Учитывая вышесказанное, мы предположили, что уровень ИРИ в крови может оказывать влияние на количество ЦПК. В данной работе мы оценивали концентрацию ИРИ и С-пептида в группе контроля и в группе больных ИБС без СД2. У больных ИБС в сочетании с верифицированным СД2 оценка уровня ИРИ и С-пептида является нецелесообразной, поскольку все больные находились на сахароснижающей терапии, которая модулирует функцию панкреатического аппарата поджелудочной железы и, соответственно, секрецию инсулина.

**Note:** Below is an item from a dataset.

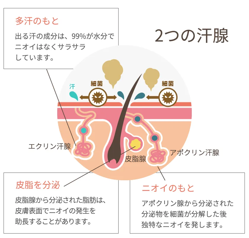 「多汗症」は、汗の量が多すぎる状態。エクリン汗腺という汗腺から出る汗はほとんどが水分なので、基本的にはにおいません。一方「わきが」は、アポクリン汗腺から出る汗が原因。脂質やタンパク質が多く含まれ、それを雑菌が分解することで特有のにおいが発生します。
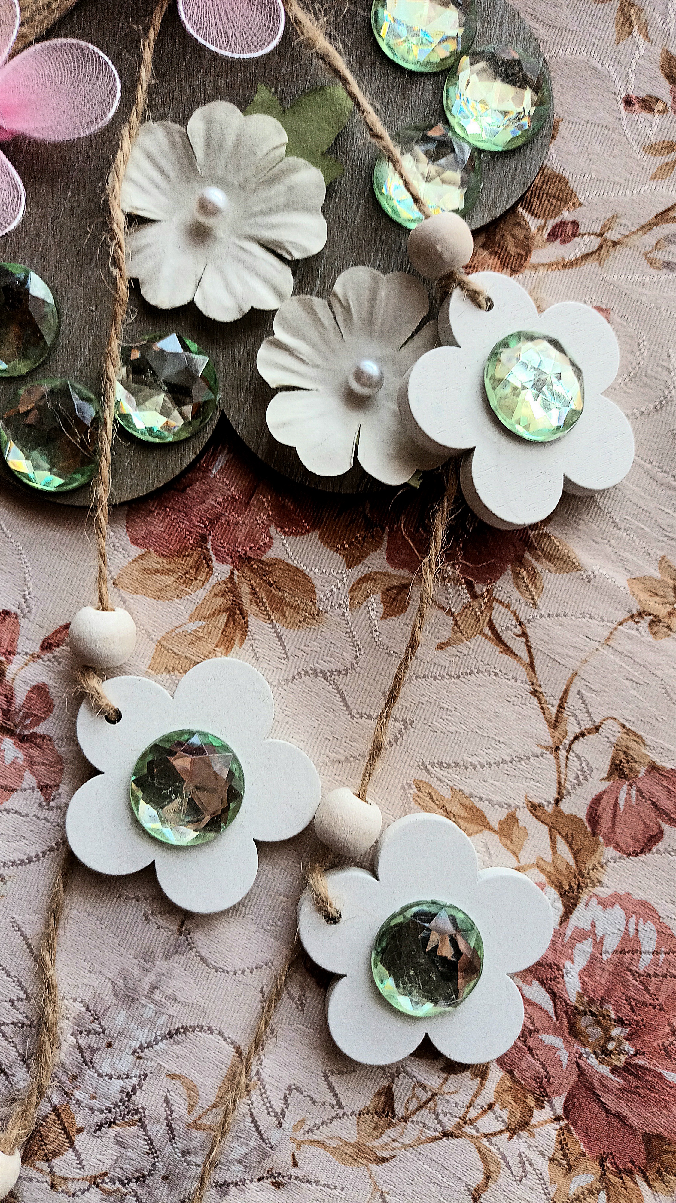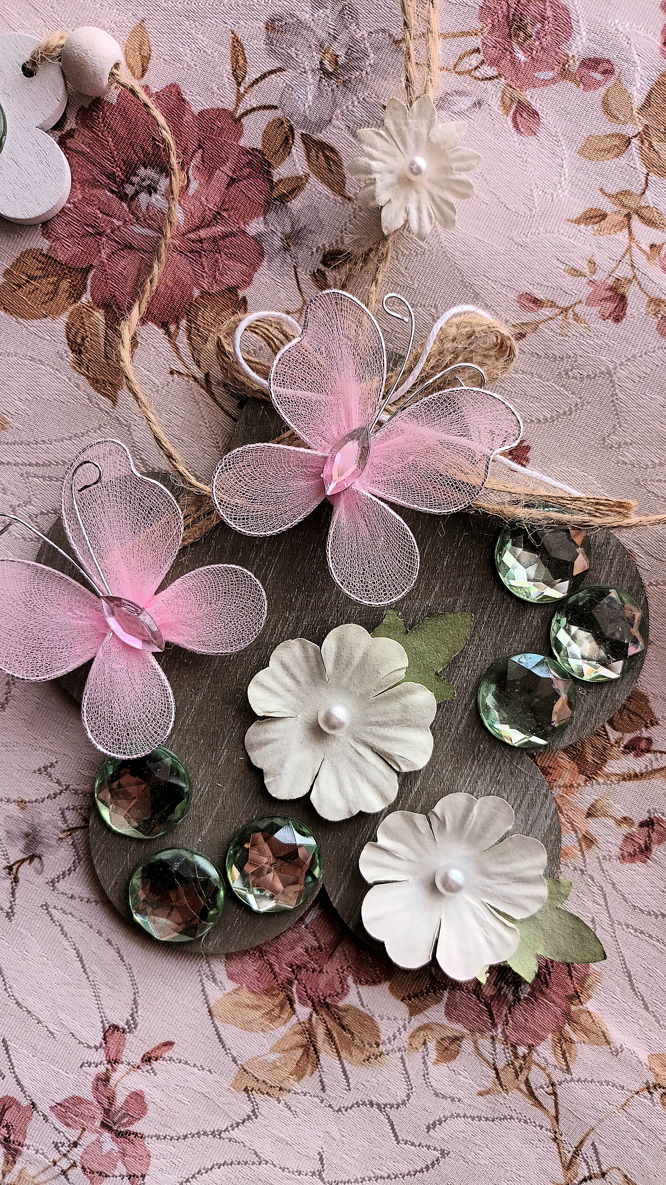 Avete trovato tutto il necessario? Perfetto! Ora finalmente possiamo iniziare il nostro lavoro creativo, applicando con la colla a caldo su ciascun ciondolo in legno i cristalli strass, i fiorellini di carta e le farfalle in organza a nostra disposizione e come più ci piace.

Оказалось, что по уровню ИРИ группа контроля и группа больных ИБС без СД2 статистически значимо не отличались между собой. При этом концентрация С-пептида в крови больных с ИБС без СД2 была достоверно выше по сравнению с группой контроля (табл. 1). Отмечено, что чем больше был уровень ИРИ в контрольной группе и у больных с ИБС без СД2, тем большим было количество циркулирующих CD34+клеток (рис. 4). При этом как в контрольной группе, так и у больных с ИБС без СД2 количество ЦПК положительно достоверно коррелировало с уровнем С-пептида (r=0,85, p=0,004 и r=0,57, p=0,006 соответственно). Возможно, подобные взаимоотношения объясняются стимулирующим эффектом ИРИ и С-пептида на процесс мобилизации ЦПК из костного мозга. Так, в работе P. Humpert с соавт. показано, что адекватная инсулинотерапия в течение 5 недель у декомпенсированных больных с СД2 (HbA1c=10,6±1,6%) способствует увеличению в периферической крови количества CD34+CD133+ клеток. Авторы продемонстрировали, что подобный эффект опосредован стимулирующим влиянием инсулина на экспрессию в периферических тканях и костном мозге SDF-1 – одного из ключевых факторов, участвующих в мобилизации ЦПК из костно-мозговой ниши [54].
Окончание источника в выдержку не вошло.